During the twelve month period ended December 31, 2010, the Company repurchased 3,585,495 shares of its common stock for approximately $84.6 million in cash under its common stock repurchase program. In the fourth quarter, the Company repurchased 1,403,993 shares of its common stock for approximately $38.7 million in cash. To date, the Company has repurchased a total of 23,470,345 shares and has utilized approximately $551.2 million of the $800.0 million authorized by its Board of Directors since the inception of the plan.

2010 Significant Items

Financial Services Charge. On October 25, 2010, the Company announced that, in connection with the analysis of available growth initiatives, the Company was exploring strategic alternatives with respect to the financial services business, including the possible sale or divestiture of such business. As of December 31, 2010, the Company has sold a majority of the customer accounts at approximately 214 financial services store locations, and closed six financial services store locations in Montana as a result of state law changes enacted in the November general election. Since December 31, 2010, the Company has sold a majority of the customer accounts at approximately 66 financial services store locations.

During the fourth quarter of 2010, the Company recorded a pre-tax impairment charge of approximately $18.9 million related to the discontinuation of the financial services business. The charge with respect to discontinuing the operations of all 331 store locations relate primarily to fixed asset disposals, loan write-downs, and other miscellaneous items. This impairment charge reduced diluted earnings per share in the fourth quarter of 2010 by approximately $0.19 and for the twelve month period ended December 31, 2010 by approximately $0.18.

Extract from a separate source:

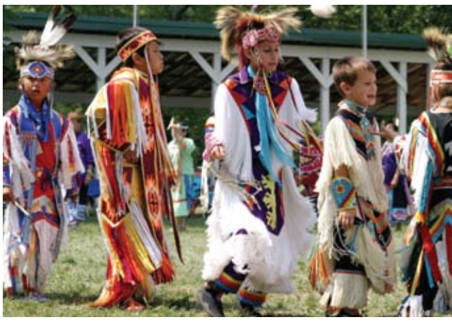
Encourage children to become involved in their community.

Drug dealers have intentionally made these drugs look like candy to entice new users and create a new generation of meth addicts. Tribal leaders, parents, teachers, and others in the community should caution kids about accepting or ingesting these or any other types of drugs. Let children know that if they are unsure of what the substance is or where it came from, they should not use it or accept it.

Senior Credit Facility Financing Expense. During the fourth quarter of 2010, the Company recorded a pre-tax expense of approximately $3.1 million to write off the unamortized financing costs related to the repayment of $200.0 million of term loans under the Company's existing senior secured credit facilities. This financing expense reduced diluted earnings per share in both the fourth quarter of 2010 and for the twelve month period ended December 31, 2010 by approximately $0.03.

2009 Significant Item

Hilda Perez Matter. In connection with the court approved settlement of the Hilda Perez v. Rent-A-Center, Inc. matter in New Jersey, the Company previously recorded a pre-tax credit in the amount of $3.0 million in the first quarter of 2009 and a pre-tax credit in the amount of $1.9 million in the second quarter of 2009 to account for cash payments to the Company representing undistributed monies in the settlement fund to which the Company is entitled pursuant to the terms of the settlement, as well as a refund of costs to administer the settlement previously paid by the Company which were not expended during the administration of the settlement. Through the twelve month period ended December 31, 2009, the total pre-tax credit of approximately $4.9 million increased net earnings per diluted share by approximately $0.04.

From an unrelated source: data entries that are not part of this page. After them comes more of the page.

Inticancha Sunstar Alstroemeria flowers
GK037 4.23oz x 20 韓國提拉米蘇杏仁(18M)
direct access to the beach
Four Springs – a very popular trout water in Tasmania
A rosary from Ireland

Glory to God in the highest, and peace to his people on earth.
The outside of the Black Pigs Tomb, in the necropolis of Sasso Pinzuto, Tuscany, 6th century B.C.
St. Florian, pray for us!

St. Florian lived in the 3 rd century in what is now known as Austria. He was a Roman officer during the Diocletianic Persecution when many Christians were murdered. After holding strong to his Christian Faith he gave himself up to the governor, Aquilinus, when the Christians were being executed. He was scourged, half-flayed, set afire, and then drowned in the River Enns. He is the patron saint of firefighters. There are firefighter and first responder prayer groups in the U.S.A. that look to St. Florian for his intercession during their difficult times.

Rent-A-Center, Inc., headquartered in Plano, Texas, currently operates approximately 3,000 company-owned stores nationwide and in Canada, Mexico and Puerto Rico. The stores generally offer high-quality, durable goods such as major consumer electronics, appliances, computers and furniture and accessories under flexible rental purchase agreements that generally allow the customer to obtain ownership of the merchandise at the conclusion of an agreed upon rental period. ColorTyme, Inc., a wholly owned subsidiary of the Company, is a national franchiser of approximately 210 rent-to-own stores operating under the trade name of "ColorTyme."